Arthur German

Personal information
- Full name: Arthur German
- Born: 28 June 1905 Ashby-de-la-Zouch, Leicestershire, England
- Died: 2 February 1968 (aged 62) Aberdeen, Aberdeenshire, Scotland
- Batting: Right-handed
- Relations: Harry German (uncle)

Domestic team information
- 1923–1924: Leicestershire

Career statistics
| Competition | First-class |
| Matches | 3 |
| Runs scored | 73 |
| Batting average | 12.16 |
| 100s/50s | –/– |
| Top score | 36 |
| Balls bowled | – |
| Wickets | – |
| Bowling average | – |
| 5 wickets in innings | – |
| 10 wickets in match | – |
| Best bowling | – |
| Catches/stumpings | 2/– |
- Source: Cricinfo, 14 January 2012

= Arthur German =

English cricketer (1905–1968)

Arthur German (28 June 1905 – 2 February 1968) was an English cricketer. German was a right-handed batsman. He was born at Ashby-de-la-Zouch, Leicestershire, and was educated at Repton School.

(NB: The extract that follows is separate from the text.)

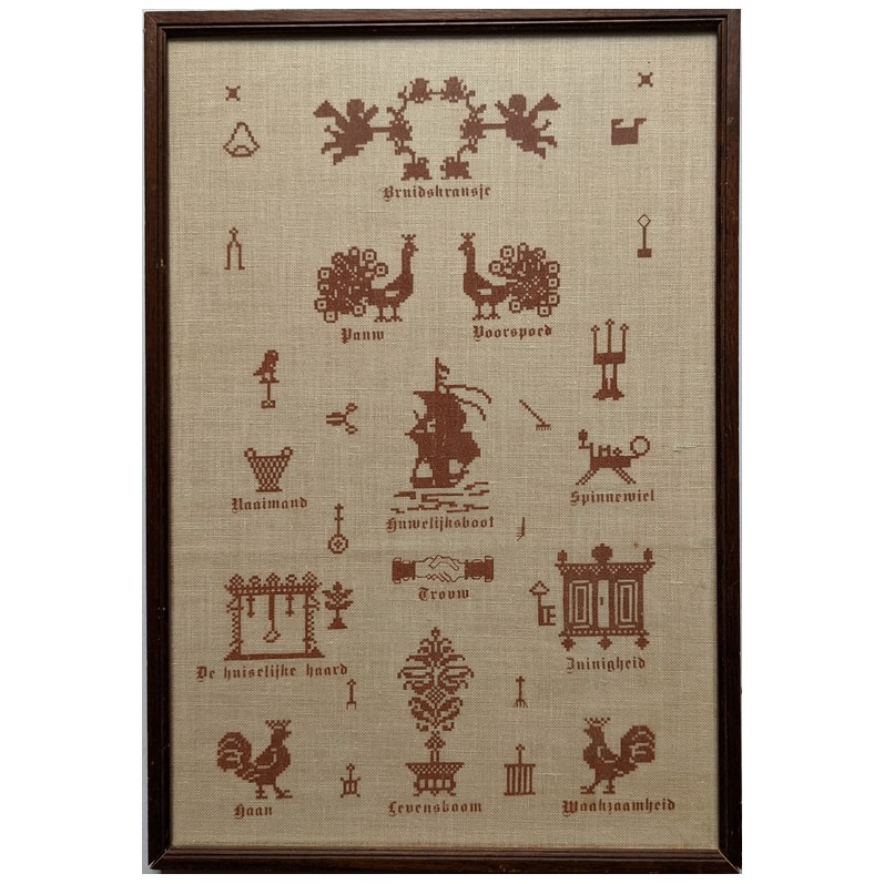 Achterop dit schilderijtje staat uitleg over de betekenis van de huwelijkssymbolen van oude merklappen.

German made his first-class debut for Leicestershire against Sussex at the County Ground, Hove, in the 1923 County Championship. He made two further first-class appearances for Leicestershire the following season, against Surrey at The Oval, and Essex at Aylestone Road, Leicester. In his three first-class matches, he scored a total of 73 runs at an average of 12.16, with a high score of 36.

He died at Aberdeen, Scotland on 2 February 1968. His uncle, Harry German, also played first-class cricket for Leicestershire.